We are extremely privileged, and we also worked very hard, to be where we are. Even in this type of unquestionably high-compensation firm, we have many peers who express skepticism about being able to say, pay their loans down in 10 years, even while refraining entirely from larger financial outlays such as buying property. Notice the number of biglaw people who plan to ride out IBR in hopes of eventual loan forgiveness, tax bomb or no. I don't hear, in real life, about that many other biglaw or biglaw-adjacent attorneys who are extremely devoted to frugality and saving, maybe just this one tiny discussion thread at r/financialindependence, to be honest (a non-biglaw, but well-compensated, private sector attorney reporting a 65% savings rate if including loan repayment, 48% if not) and this more general one.***

For some (slightly depressing) fun, I calculated my savings rate for my time in biglaw using the methodology proposed by Ramit Sethi in I Will Teach You to be Rich: The denominator, or all income, is total post-tax income plus any "before-tax" savings one did. In my case, that's post-tax income, plus 401K savings, plus tax refund. The numerator, or the total amount saved, is well, everything saved. For me that's my cash emergency fund, my 401K contributions, and my Roth IRA contribution. I also ran a calculation including all the money I put into my loans as well. My savings rate is: 31.5% including loan repayment and 18.2% not including loan repayment. That's not as high as I wanted, so this calculation is useful food for thought that could affect my personal budgeting when I return to the private sector.
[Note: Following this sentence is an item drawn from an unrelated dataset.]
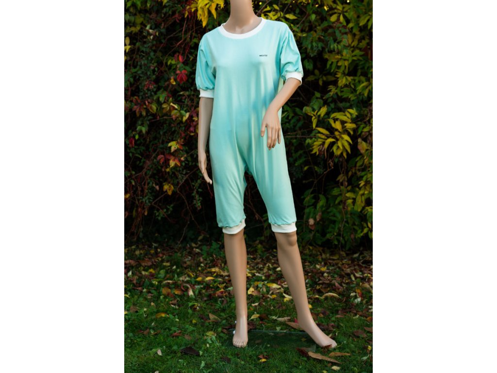 Tento nemocniční overal pro pacienty je vyroben z lehkého úpletu, který má gramáž materiálu 180 g, je to chladnější materiál vhodnější pro nošení v létě. Overaly vyrábíme ve velikostech S–XXXL. Na výběr je také z několika barev materiálu – Mintová, Světlá káva, Smetanová, Petrolejová. Samotnou barvu je možné ještě kombinovat se vzory – Motýli a květiny, Kostičky, Houby, Kytičky hnědé, Lidovka, případně zvolit variantu bez vzoru. Overal je vhodný pro náročné praní. Zip na zadním díle je všitý s tenkým podložením, které je u krku založeno tak, aby jezdec zipu netlačil. Spodní část zipu je zpevněna druhou vrstvou, aby se zabránilo co nejvíce trhání. Naše overaly nejčastěji využívají pacienti v nemocnicích, domovech pro seniory a domovech s pečovatelskou službou. Jsou vhodné jak pro ležící, tak neležící pacienty.

* He also had a scholarship. Mine was larger, though, I must confess, I still borrowed more.

**For context, biglaw salaries, especially in NYC, are standardized to this payscale following a recent industry-wide move to raise salaries this past summer. That payscale is NOT, by itself, a reason to go to law school, (a) given the extreme cost of attendance and resulting student loan burdens, and in my experience those statistics either exclude the substantial interest that accrues during the three years of school or are skewed by some very wealthy peers with considerable parental support (I had a substantial scholarship for a third of the total cost of attendance, and still ended up with a larger balance than even the highest "average indebtedness" numbers at the most expensive schools in the country, if I had no scholarship I would likely have owed $260,000 for law school alone); (b) given how demanding the industry can be (there have been several more "worked to death" biglaw stories in recent years that didn't even hit the news); and (c) as a general matter, those of us who leave biglaw (almost all of us, generally within three to five years) are very unlikely to get back to the same earning potential again for quite some time, if ever. 

*** A few other relevant, though not entirely on-point discussions: This ex-biglaw attorney did a Reddit AMA about her time at a western biglaw firm's office in Qatar. Personal finance was not front and center in that discussion, but I believe she was saving aggressively. Note that for most US-trained JDs, working for a US or UK biglaw firm abroad often results in extra compensation (a cost of living adjustment or "COLA," but certain international markets like Singapore don't have one) and, for US citizens, there's the foreign earned income exclusion, so a portion of your earnings is not subject to US federal income tax and it reduces your taxable income (and marginal tax rate) as a result. This Refinery29 Money Diary is likely from someone whose husband is biglaw-adjacent, if not in biglaw. This other Refinery29 Money Diary is likely a biglaw attorney, but I suspect some numbers are slightly fudged as I can't quite match the salary to a class year, either pre or post-raise. The extremely generous summer associate or business development food and drink reimbursement policy does make some strong suggestions about which firm it is, but who knows (and it's not really my business).